Sesampainya di Rumah Sakit ada orang tua Mira yang masih menunggu Mira siuman. Mereka terlihat lelah dan pasti belum belum istirahat sejak tadi malam. Ita dan Doni dipaksa pulang oleh orang tua Mira, karena orang tua Mira tahu jika orang tua Ita dan Doni juga akan khawatir pada Ita dan Doni. Walaupun masih ingin menunggu di rumah sakit, Doni dan Ita tetap pulang karena menghormati orang tua Mira.

“ Tante, Om. Biar sekarang giliran kami yang jaga,” kata Ita kepada orang tua Mira. Mereka mengangguk percaya karena mereka sudah mengenal Ita sejak dulu.

“ Om dan Tante pulang dulu sebentar, mau ambil ganti baju. Nanti Om dan Tante balik lagi kesini,” kata Papi Mira. Setelah orang tua Mira pergi, Doni membuka keheningan di ruangan itu.

“ Liat Than, sahabat loe masih belum sadar, kenapa loe sama sekali ga khawatir?” kata Doni mencoba menahan emosi.

“ Mmaana guue ttahu…” kata Nathan terbata. Gugup.

“ Ga mungkin loe ga tahu!! Loe yang ngerencanain ini semua kan!!” emosi Ita tek terbendung dan langsung membentak Nathan.

“ Gue ga tahu!” Nathan membela diri.

“ Terus pembicaraan loe waktu itu?? Gue denger loe ngomong sama anak LR!! Semuanya!!” Ita membentak Nathan lagi. Nathan sama sekali tak menyangka, rencanya sudah terbongkar.

“ Ini bukan salah gue!! Ini salah dia sendiri,” bentak Nathan sambil menunjuk Mira.

“ Apa salah Mira?!?” sekarang Doni yang membentak Nathan.

“ Kalo bukan gara-gara dia, gue masih bisa main sekarang, gue masih bisa balap!! Tapi dia ngerusak motor gue dan gue kecelakaan!! Kalian tahu itu hah?!? Mira yang kalian banggakan itu pengecut!!” Nathan berteriak tak terkontrol.

“ Mira ga kaya gitu…” kata Ita.

“ Iya, Mira pengecut. Yang terakhir pake motor gue waktu itu Mira. Pasti dia yang udah sabotase motor gue!!” kata Nathan masih dengan nada marah.

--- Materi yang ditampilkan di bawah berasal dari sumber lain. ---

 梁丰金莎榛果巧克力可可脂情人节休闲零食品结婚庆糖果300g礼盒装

“ Asal loe tau ya Than. Waktu itu Mira yang udah benerin motor loe. Loe tahu, anak geng lain udah nyabotase motor loe?? Mira tahu itu, dai langsung kasih tahu gua, dan kita benerin motor loe tanpa sepengetahuan loe!!” Doni membongkar rahasia Mira. Waktu itu, Mira berhasil memperbaiki motor Nathan sebelum Nathan main, tapi, ternyata geng lawan sudah memasang jebakan di salah satu tikungan waktu itu yang menyebabkan motor Nathan tergelincir. Jika saja Doni dan Ita tidak memperbaiki motor Nathan, bisa saja nasib yang lebih buruk akan menimpa Nathan.

“ Dan loe tahu, selama ini Mira ikut balap kaya gini kenapa? Dia mau gantiin motor loe. Dia udah ngumpulin uang sejak dia mulai menang balap.” Kata-kata Ota menyadarkan Nathan. Nathan lalu terduduk lemas. Menyesali perbuatannya.

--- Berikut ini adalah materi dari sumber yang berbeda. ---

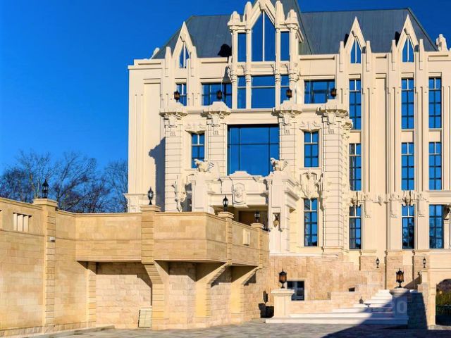 Состоит из семи отдельно стоящих строений, общей площадью 3167,2 кв.м., расположенных на 0,48 га огороженного земельного участка: основной жилой дом (4 эт.) - 1 079,2 кв.м.; одноэтажный дом - 128,9 кв.м.; кинозал и биллиардная на первом уровне, на втором два отдельно стоящих бунгало (637,3 кв.м.); банно-спортивный комплекс на первом уровне, на втором обустроенная всем закрытая терраса (816,3 кв.м.); кухонно-хозяйственный блок на первом уровне, на втором - обустроенная всем закрытая терраса (395,9 кв.м.); двухэтажный дом для контроля входа на резиденцию (109,6 кв.м.). Помещения мебилированы.

“ Mira… dia udah nolong gue, tapi kenapa balesan gue…!!” Nathan menangis, tak kuasa menahan penyesalan.

Nathan terlihat snagat menyesal. Selama tiga hari, Natahn terus menjaga Mira dan…

“ Gue…” Mira membuka matanya setelah tiga hari.

“ Mir, loe dah sadar?” kata Nathan yang saat itu ada di sebelah Mira.

“ Mira…” orang tua Mira juga langsung menghampiri Mira.

“ Permisi, kami akan mengadakan pemeriksaan terlebih dahulu,” dokter sudah tiba dan segera memeriksa Mira.

“ Mira baik-baik saja kan Dok?” tanya Nathan.

“ Hasil pemeriksaan, Mira baik-baik saja, tidak ada yang perlu di khawatirkan.” Dokter lalu pergi. Orang tua Mira langsung bersyukur dan menghampiri Mira.

“ Mi, Pi… Mira minta maaf ya…” kata Mira.

“ Mira nggak salah. Udah, sekarang Mira istirahat dulu, Papi sama Mami mau ngabarin keluarga dulu,” kata Mami Mira.

Di ruangan itu tinggal Nathan dan Mira.

“ Mir...” Nathan mau berbicara, tapi Mira langsunga memotongnya.

“ Than… gue minta maaf… kesalahan gue bayak sama loe. Gue belum bisa ganti motor loe,” kata Mira.

“ Mir, gue yang salah. Gue minta maaf sama loe…” Nathan tak kuasa menahan emosi, Nathan lalu menangis.

“ Loe kenapa Than??” Mira bertanya dengan wajah bengong.

“ Nggak papa kok,” Nathan mengusap air matanya dan tersenyum melihat wajah Mira.

Sejak saat itu, LR dibubarkan. Mira dan Nathan kembali bersahabat. Mira, Nathan, Ita, dan Doni bersahabat hingga mereka dewasa. Terkadang kebahagiaan memang harus didapat dari pengorbanan.